Brotopia: Breaking Up the Boys' Club of Silicon Valley
- First edition cover
- Author: Emily Chang
- Audio read by: Emily Chang
- Language: English
- Subject: Sexism in Silicon Valley
- Publisher: Portfolio
- Publication date: February 6, 2018
- Publication place: United States
- Media type: Print (hardcover and paperback), e-book, audiobook
- Pages: 320
- ISBN: 978-0-7352-1353-1 (hardcover)
- OCLC: 1027011182
- Dewey Decimal: 331.4/1330979473
- LC Class: HD6060.5.U5 C52 2018
- Website: www.brotopiabook.com

= Brotopia =

2018 book by Emily Chang

Brotopia: Breaking Up the Boys' Club of Silicon Valley is a 2018 nonfiction book by Emily Chang. It is her debut book and was published on February 6, 2018, by Portfolio, a division of Penguin Random House. The book investigates and examines sexism and gender inequality in the technology industry of Silicon Valley.

==Background==
Chang drew from over two hundred interviews she conducted across the technology industry. Some of the interviews were from her work at Bloomberg, but most were original and conducted for the purposes of the book.

==Publication and promotion==
Vanity Fair ran an excerpt from the book in their January 2018 issue titled ""Oh My God, This Is So F---ed Up": Inside Silicon Valley's Secretive, Orgiastic Dark Side". Bloomberg Businessweek ran an excerpt in February 2018 titled "Women Once Ruled the Computer World. When Did Silicon Valley Become Brotopia?".
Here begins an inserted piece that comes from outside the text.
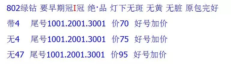 稀冠802绿钻市场求购价在70~95元不等,好号价更高!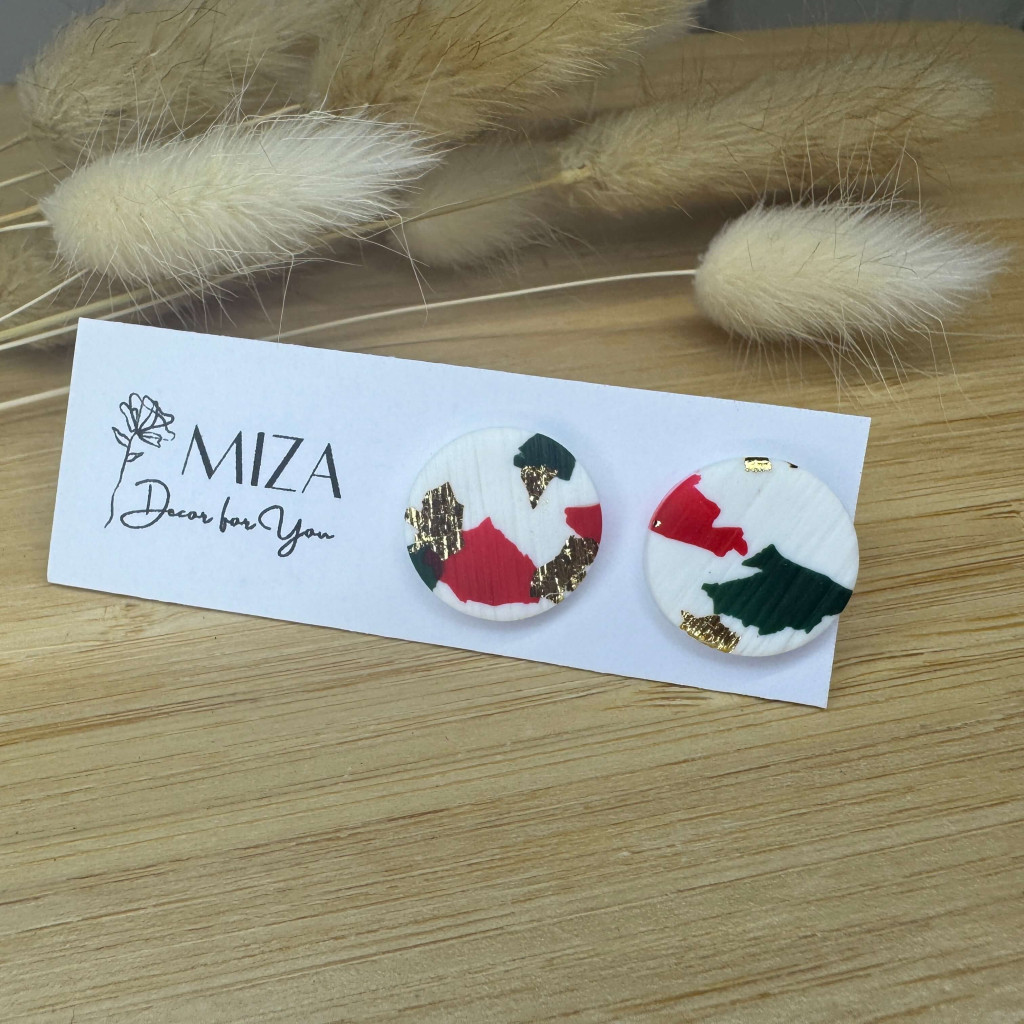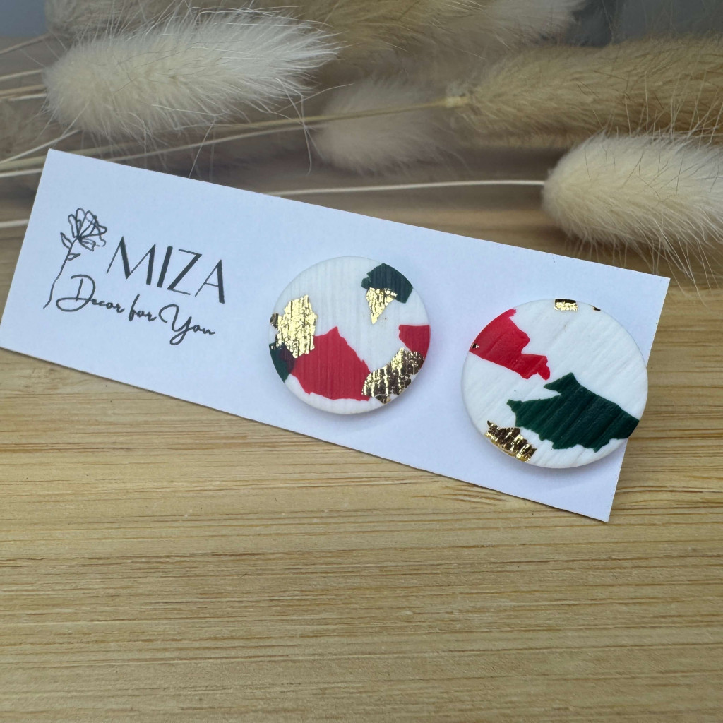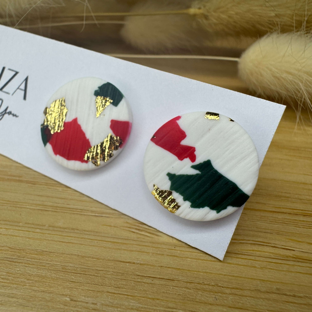 Nagy méretű pötty bedugós fülbevaló - karácsonyi

Brotopia was published on February 6, 2018, by Portfolio, a division of Penguin Random House.

Coverage of the book ran in The New York Times, The New York Times Book Review, San Francisco Chronicle, Financial Times, TechCrunch and The Verge.
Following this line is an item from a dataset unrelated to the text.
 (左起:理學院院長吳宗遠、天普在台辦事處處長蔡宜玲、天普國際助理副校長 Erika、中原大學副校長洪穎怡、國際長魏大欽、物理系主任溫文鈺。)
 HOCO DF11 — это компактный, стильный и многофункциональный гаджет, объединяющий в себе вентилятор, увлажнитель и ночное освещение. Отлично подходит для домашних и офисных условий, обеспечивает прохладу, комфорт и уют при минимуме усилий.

Chang appeared on Morning Joe, Good Morning America, CBS This Morning and Marketplace to discuss the book.

The PBS Newshour-New York Times "Now Read This" book club selected Brotopia as their April 2019 book club read. Chang appeared on the PBS Newshour on April 30, 2019, and answered questions from viewers about the book.

==Reception==
Kirkus Reviews called the book a "thorough, important examination" of Silicon Valley, writing, "Chang's scrutiny breaks open a wide doorway, allowing fresh ideas about a tainted industry to circulate and spark discussions."
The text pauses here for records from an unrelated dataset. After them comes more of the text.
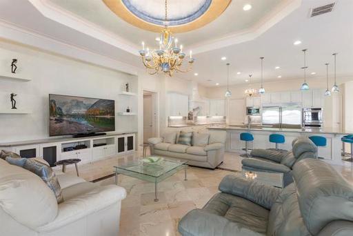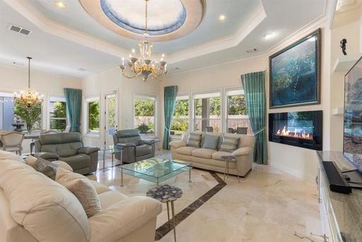 Spanning 6,297 SF, this custom estate offers a sophisticated blend of elegance & functionality with 5/6 bedrooms, 4 full & 2 half baths. Outside, a stucco & Poloverdi natural stone exterior, lush landscaping, & a wrought-iron gate open to a porte-cochere & air-conditioned three-car garage equipped w/ a sink & workstation. Thoughtfully designed for effortless living w/ comfortables 11-12" ceilings. Inside, rich marble & wood floors, quartzite countertops, & cove lighting welcome all. The main level features two primary suites & an option for a 3rd, along with a media room, private office, & a flexible space for a craft room or gym. The chef's kitchen boasts 2 islands, 2 lg sinks & high-end appliances, seamlessly connecting to an inviting living area. Upstairs: 3 add'l bedrooms, 2 w/ ensuite baths, a game room & wet bar. Outdoor living enjoys a pool/spa, kitchen, fire pit, & 3 balconies. Add'l highlights: whole-home water filtration, a whole-house generator, & 2 reverse osmosis system.
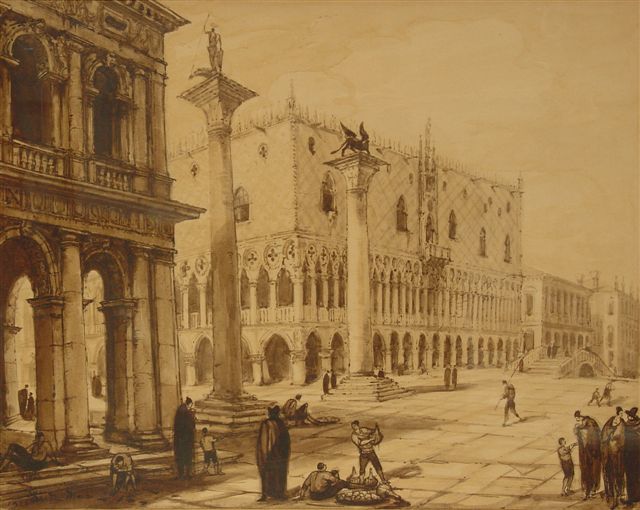 Sépia, signé en bas à gauche et daté 1928.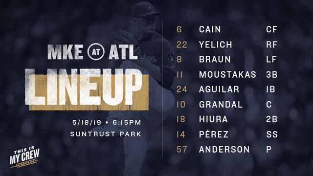 Here’s tonight’s lineup as the Brewers take on the Braves in Game 2 of the series. #ThisIsMyCrew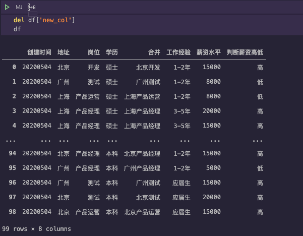 在pandas中删除数据也很简单,比如删除最后一列使用del df[‘new_col’]即可

The book was longlisted for the 2018 Financial Times Business Book of the Year Award and was named one of TechCrunch's best tech books of 2018.

=== Criticism ===
The book has faced criticism for its reliance on anecdotal evidence over statistical or causal analysis. In a review for Quillette, software engineer Sean Welsh argued that "such argument as the book offers is colourful mud-slinging on the basis of anecdotes" and that it "does not support its claims with any statistical or causal analysis." Welsh contended that Chang shows "no awareness that gender parity is the exception not the rule in the US workplace," and that documented psychological research on sex differences in occupational preferences (such as systemizing versus empathizing traits) offers more explanatory power for tech's gender imbalances than a deliberate "boys' club."

Elon Musk, featured in a Vanity Fair excerpt from the book about a Silicon Valley party, publicly rejected the portrayal. Musk told Wired that Chang's reporting was "salacious nonsense," accusing her of conflating San Francisco sex clubs with "boring VC parties on the Peninsula." He described the specific party he attended as "boring and corporate, with zero sex or nudity anywhere," calling it "nerds on a couch" rather than the "cuddle puddle" depicted.